[Start of Attachment]

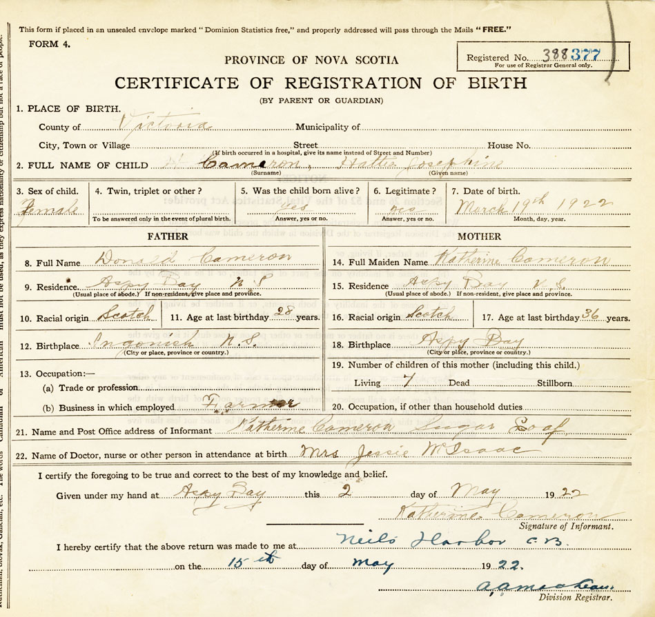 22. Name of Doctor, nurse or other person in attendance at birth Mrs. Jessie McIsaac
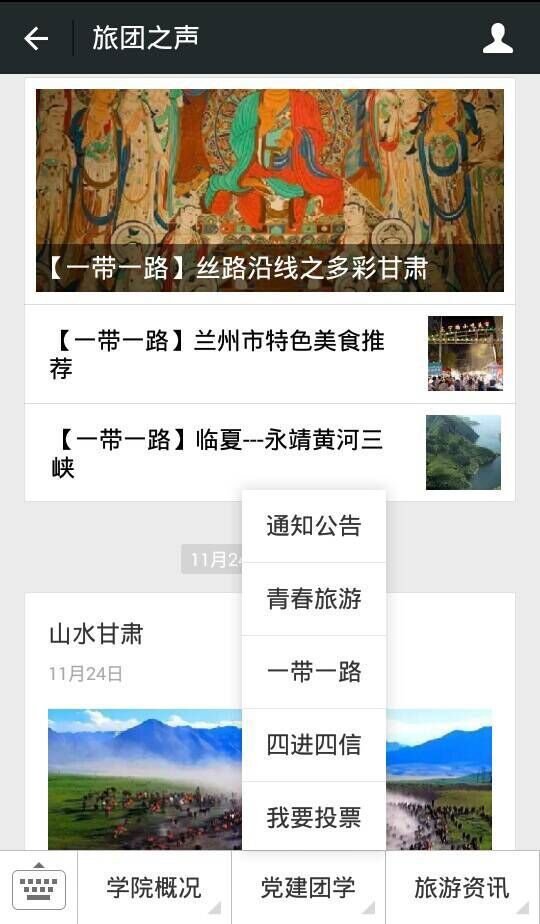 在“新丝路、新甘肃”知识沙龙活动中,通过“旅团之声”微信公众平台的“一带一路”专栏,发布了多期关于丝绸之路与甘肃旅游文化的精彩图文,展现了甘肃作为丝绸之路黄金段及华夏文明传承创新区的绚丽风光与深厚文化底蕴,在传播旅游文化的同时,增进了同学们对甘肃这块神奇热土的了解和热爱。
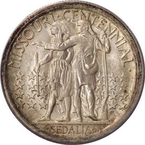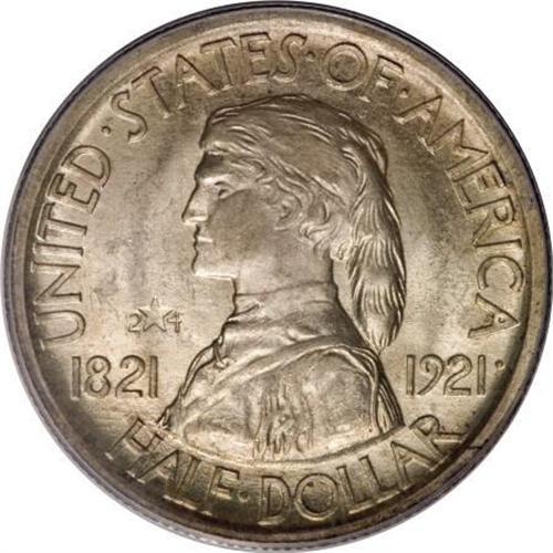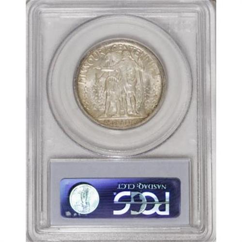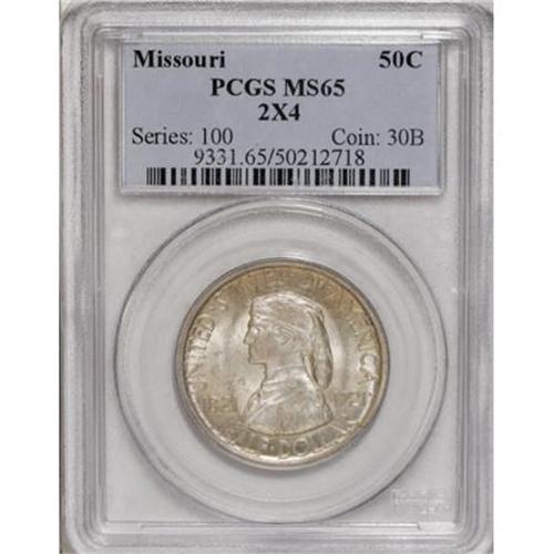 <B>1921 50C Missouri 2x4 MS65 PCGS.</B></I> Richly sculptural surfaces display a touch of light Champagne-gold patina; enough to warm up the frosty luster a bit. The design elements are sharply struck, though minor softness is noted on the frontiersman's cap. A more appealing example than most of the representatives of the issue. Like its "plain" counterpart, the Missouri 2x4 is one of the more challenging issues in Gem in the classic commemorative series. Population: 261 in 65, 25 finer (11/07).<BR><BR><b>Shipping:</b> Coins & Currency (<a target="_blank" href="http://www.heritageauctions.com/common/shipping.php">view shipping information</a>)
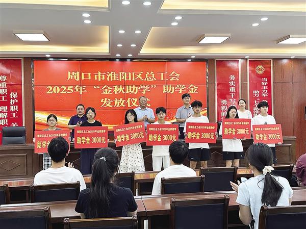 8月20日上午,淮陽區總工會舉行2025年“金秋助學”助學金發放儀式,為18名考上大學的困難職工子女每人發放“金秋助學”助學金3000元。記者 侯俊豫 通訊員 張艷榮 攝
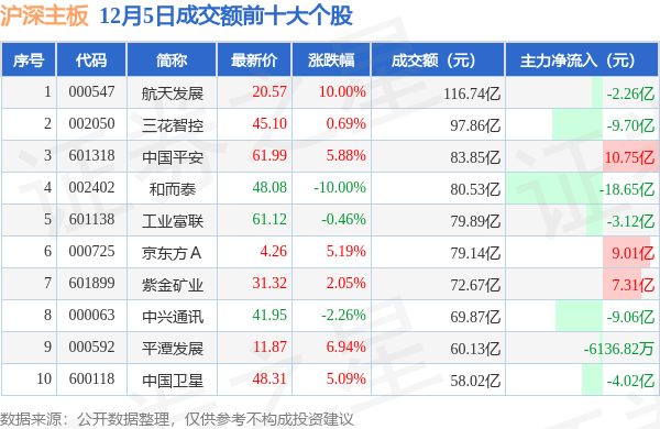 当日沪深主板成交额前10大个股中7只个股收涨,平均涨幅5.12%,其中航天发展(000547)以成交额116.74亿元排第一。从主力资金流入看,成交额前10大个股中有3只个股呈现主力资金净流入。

[End of Attachment]

(EXERCISE OBJECTIVE): Every line of the data should be transcribed exactly. Omit the images.

(RESPONSE BOX):
 22. Name of Doctor, nurse or other person in attendance at birth Mrs. Jessie McIsaac
 在“新丝路、新甘肃”知识沙龙活动中,通过“旅团之声”微信公众平台的“一带一路”专栏,发布了多期关于丝绸之路与甘肃旅游文化的精彩图文,展现了甘肃作为丝绸之路黄金段及华夏文明传承创新区的绚丽风光与深厚文化底蕴,在传播旅游文化的同时,增进了同学们对甘肃这块神奇热土的了解和热爱。
 <B>1921 50C Missouri 2x4 MS65 PCGS.</B></I> Richly sculptural surfaces display a touch of light Champagne-gold patina; enough to warm up the frosty luster a bit. The design elements are sharply struck, though minor softness is noted on the frontiersman's cap. A more appealing example than most of the representatives of the issue. Like its "plain" counterpart, the Missouri 2x4 is one of the more challenging issues in Gem in the classic commemorative series. Population: 261 in 65, 25 finer (11/07).<BR><BR><b>Shipping:</b> Coins & Currency (<a target="_blank" href="http://www.heritageauctions.com/common/shipping.php">view shipping information</a>)
 8月20日上午,淮陽區總工會舉行2025年“金秋助學”助學金發放儀式,為18名考上大學的困難職工子女每人發放“金秋助學”助學金3000元。記者 侯俊豫 通訊員 張艷榮 攝
 当日沪深主板成交额前10大个股中7只个股收涨,平均涨幅5.12%,其中航天发展(000547)以成交额116.74亿元排第一。从主力资金流入看,成交额前10大个股中有3只个股呈现主力资金净流入。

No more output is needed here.